-- DATA BLOCK --
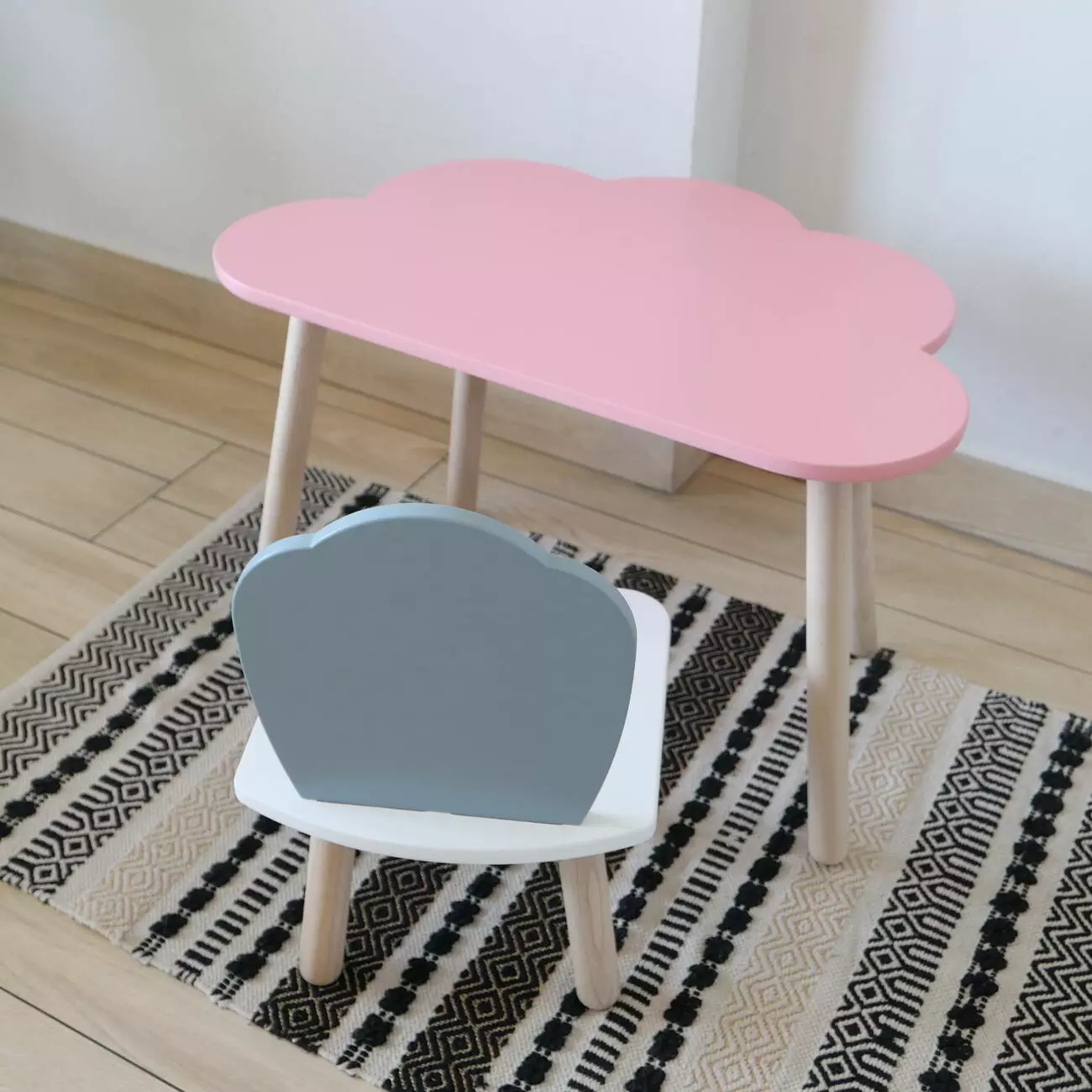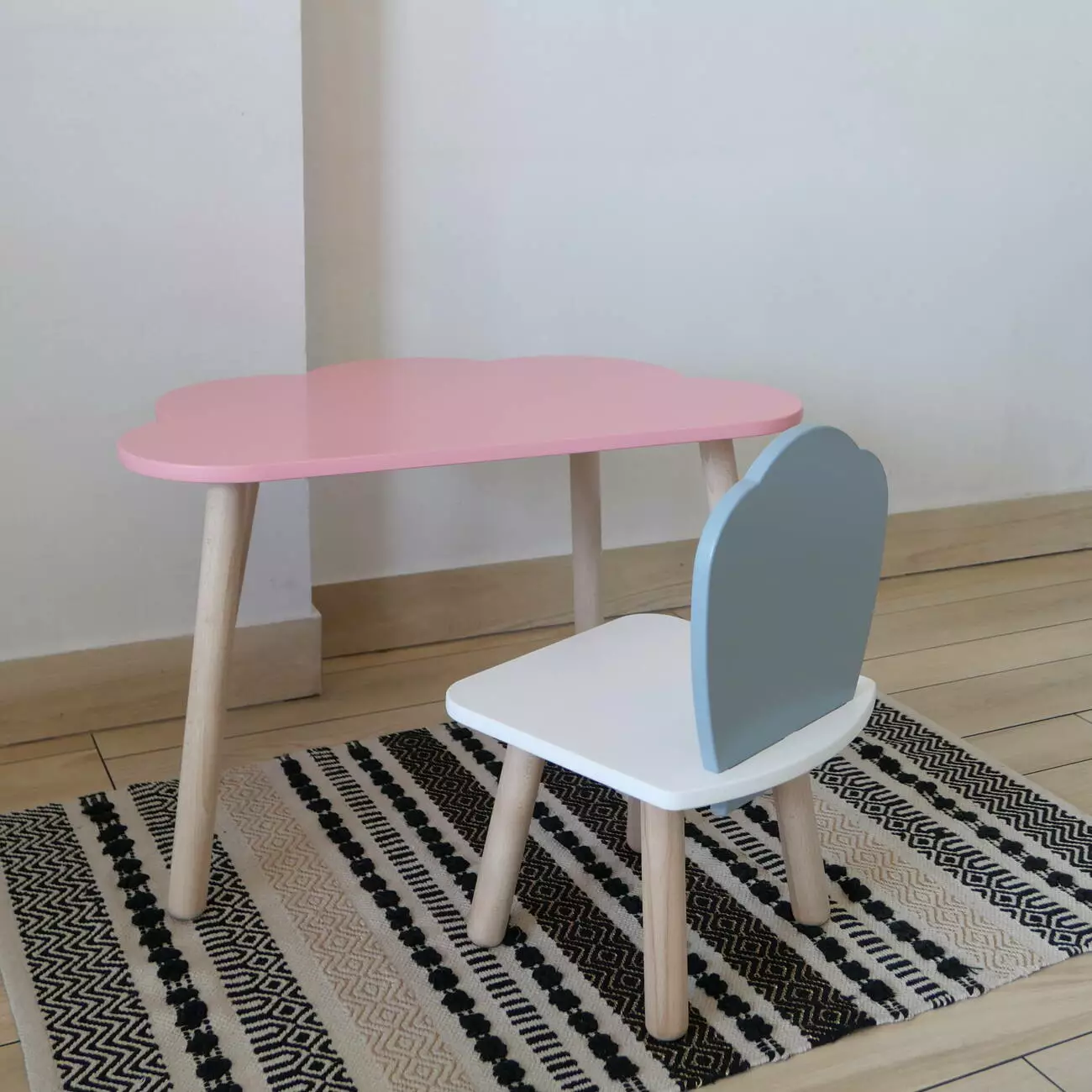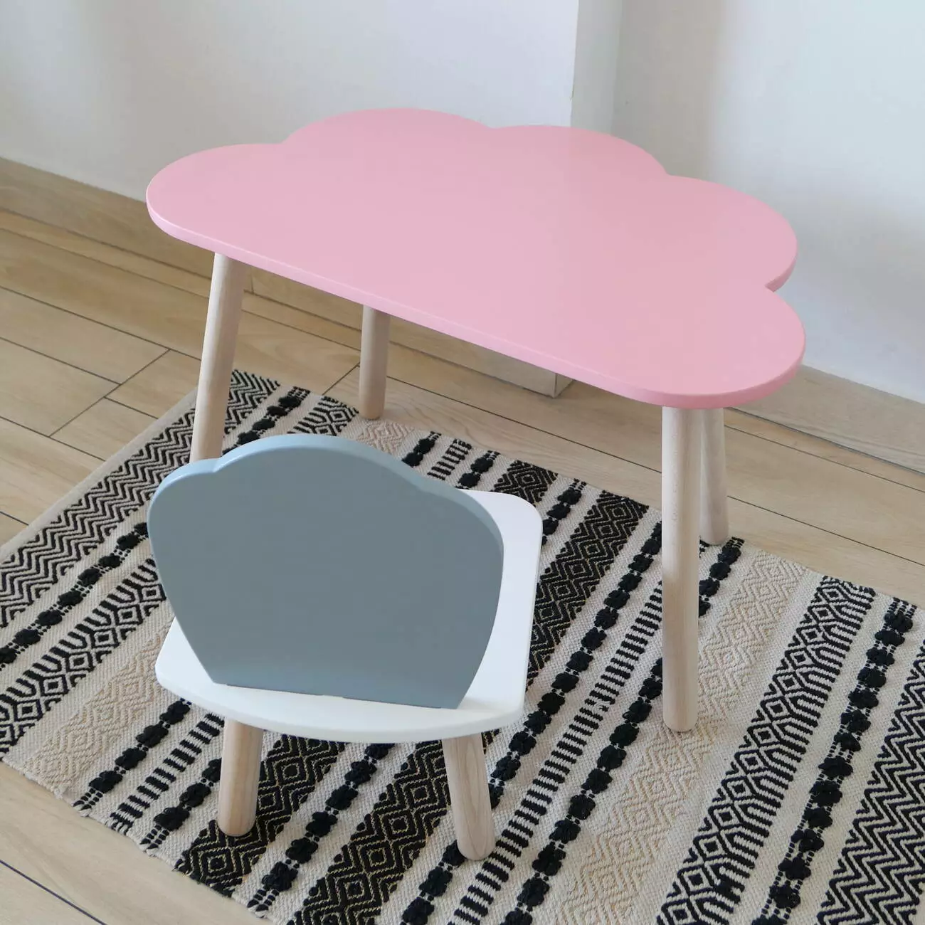 Комплект стіл та стул дитячий ChildWood - Set Стіл рожевий хмаринка + стілець білий сірий Мушля (Фанера)
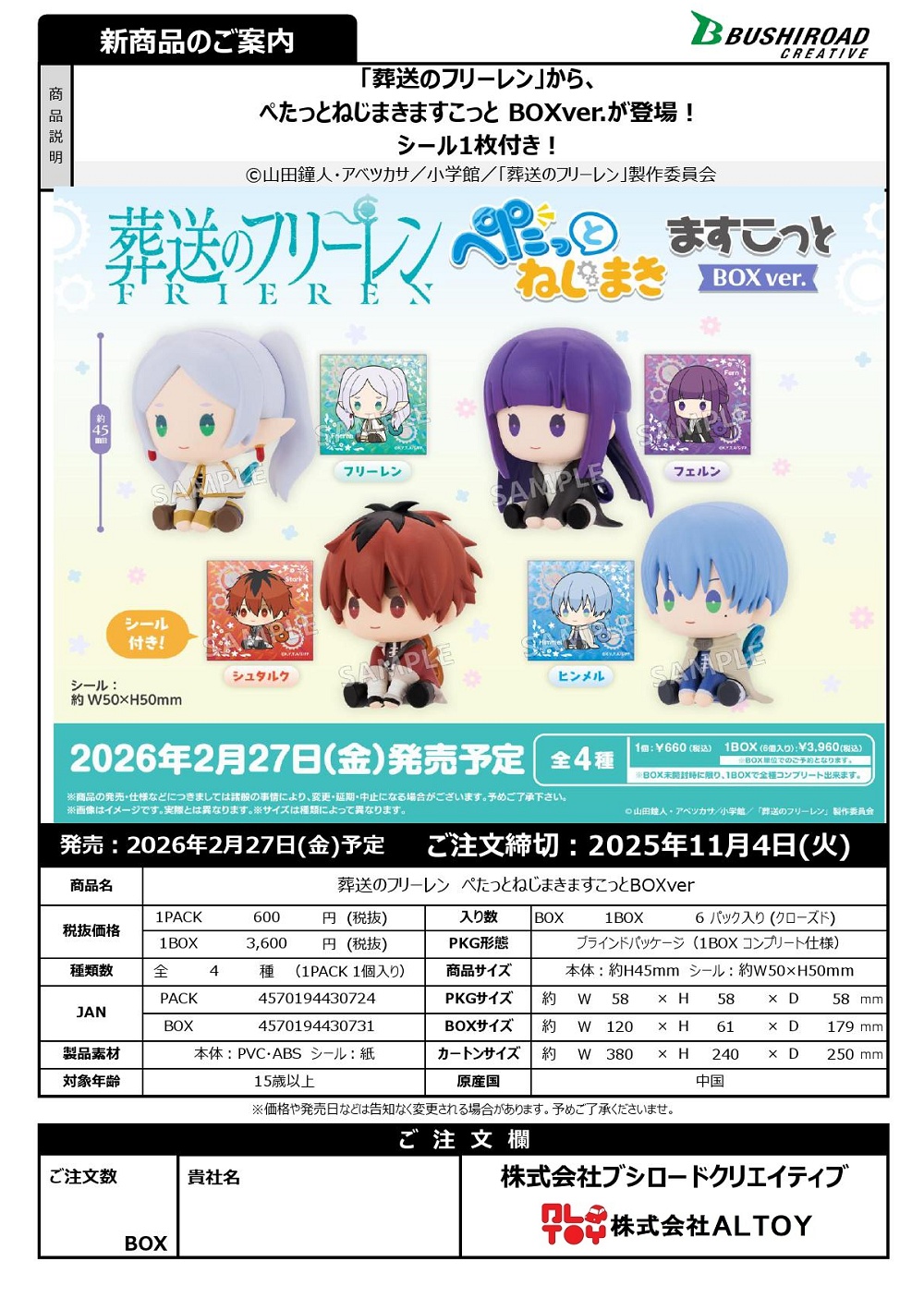 背中にねじがついたからくり人形のようなデフォルメデザインの「ぺたっとねじまきますこっと」『葬送のフリーレン』に、BOXver.が登場。
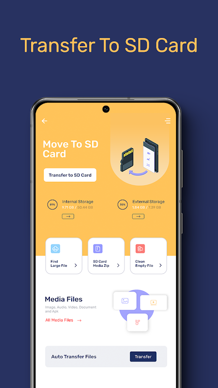 Arquivos para cartão SD é uma solução rápida de um clique para mover seus arquivos da memória interna para o cartão SD em seu telefone. Mova seus aplicativos, fotos, vídeos e todos os outros arquivos para o cartão SD. O aplicativo Transfer To SD Card é útil para dispositivos com pouca memória interna e que não permitem salvar seus arquivos diretamente no cartão SD.
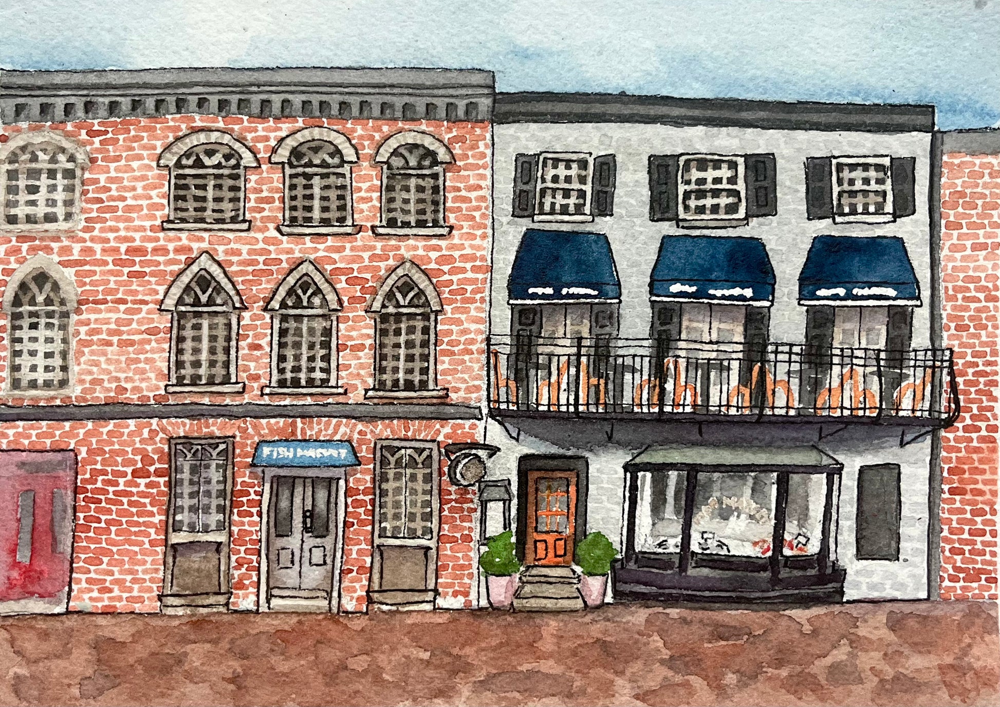 A portrait of The Fish Market in watercolor. 4x6 folded card, blank inside, with envelope. Artwork by Julianne Woehrle — part of my “Old Town” series

-- WHAT YOU HAVE TO DO --
Retype the listing exactly. Leave the pictures out.

-- SOLVED PROBLEM --
 Комплект стіл та стул дитячий ChildWood - Set Стіл рожевий хмаринка + стілець білий сірий Мушля (Фанера)
 背中にねじがついたからくり人形のようなデフォルメデザインの「ぺたっとねじまきますこっと」『葬送のフリーレン』に、BOXver.が登場。
 Arquivos para cartão SD é uma solução rápida de um clique para mover seus arquivos da memória interna para o cartão SD em seu telefone. Mova seus aplicativos, fotos, vídeos e todos os outros arquivos para o cartão SD. O aplicativo Transfer To SD Card é útil para dispositivos com pouca memória interna e que não permitem salvar seus arquivos diretamente no cartão SD.
 A portrait of The Fish Market in watercolor. 4x6 folded card, blank inside, with envelope. Artwork by Julianne Woehrle — part of my “Old Town” series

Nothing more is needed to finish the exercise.